There seems to be a consensus among those in higher education that trade agreements are threatening to turn education into a tradable commodity.
Green said there are ample reasons to be concerned with trade agreements, particularly since there are major differences between the trade specialists who are managing the negotiations and educators.
“The people who are negotiating are trade specialists; they’re not educators, so when the people who are defining the framework for cross-border education are trade people … we worry about decisions that will be made,” Green said.
Barry Stearns, a professional counselor at Michigan’s Lansing Community College and former president of the National Council for Higher Education, said, “Education is for the public good. What they’re trying to do is change it to a tradable commodity.”
The ambiguity of the language in trade agreements, particularly the language in GATS, makes those in higher education uneasy. Renate Bridenthal, chair of the International Committee at Professional Staff Congress/CUNY, said she is worried about the language of GATS and that she and her colleagues are watching it closely.

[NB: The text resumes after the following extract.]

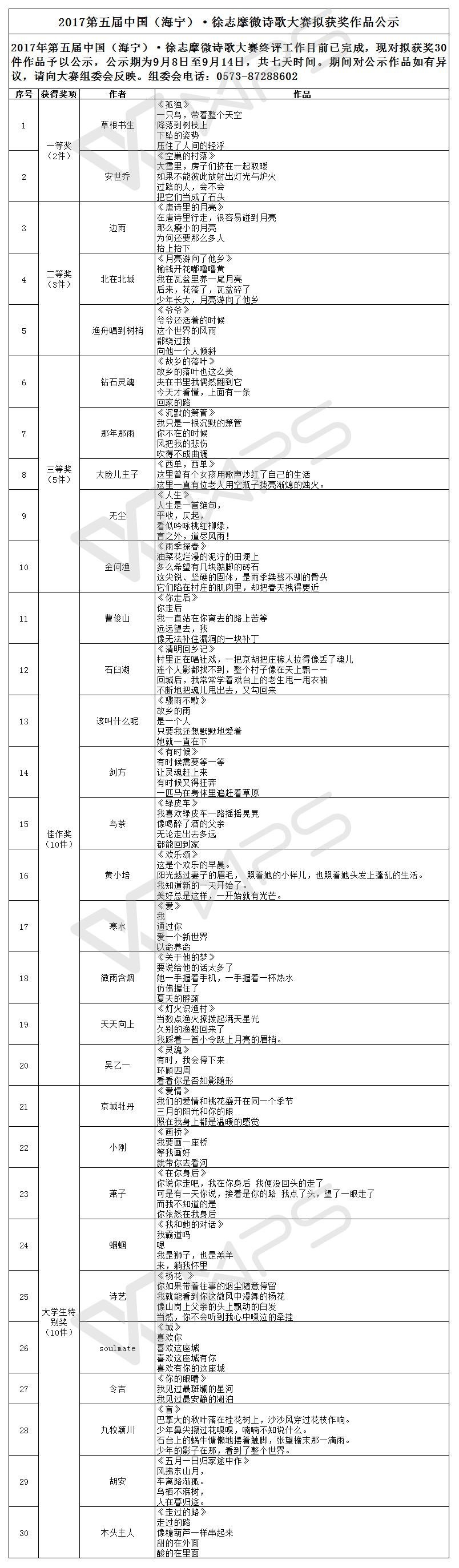2017第五届中国(海宁)·徐志摩微诗歌大赛于今年4月14日启动征稿,7月14日截稿,3个月共收到稿件27984首。据大赛组委会介绍,本届微诗歌大赛呈现影响更广泛、作者更年轻、作品更优秀的特点。

The NEA’s Hendrickson agreed.
“There’s no clear black and white,” Hendrickson said. “You have to know where you fit.”
As trade policy and trade negotiations progress, many experts agree that there should be active dialogue between policy-makers and educators — but at the same time, they say, that dialogue seems to be the missing link.
“The dialogue is a missing ingredient,” Stearns said. “It’s essential and it’s almost nonexistent at this point. The advisers we’re seeing in and out of policy-making are coming from the private sector, not public education.”
 It’s critical that educators and higher education officials voice their concerns, Bivens said. He said the higher education community has to come together to discuss what it thinks should happen in terms of education and commercialization. After those discussions, he said, they have to initiate dialogue and debate with policy-makers.
“That’s the real first step that will make these trade agreements quite relevant or not so relevant for the U.S. market,” Bivens said. “Once education starts to be commercialized, then prospects for regulating it are going to be reduced, because if you try to regulate something that’s commercial activity, you’ll find yourself in violation of these international trade treaties.”
ACE’s Green said she’s concerned about the long-term effects that trade agreements will have on higher education.
“We’re just worried how is this really going to play out,” she said.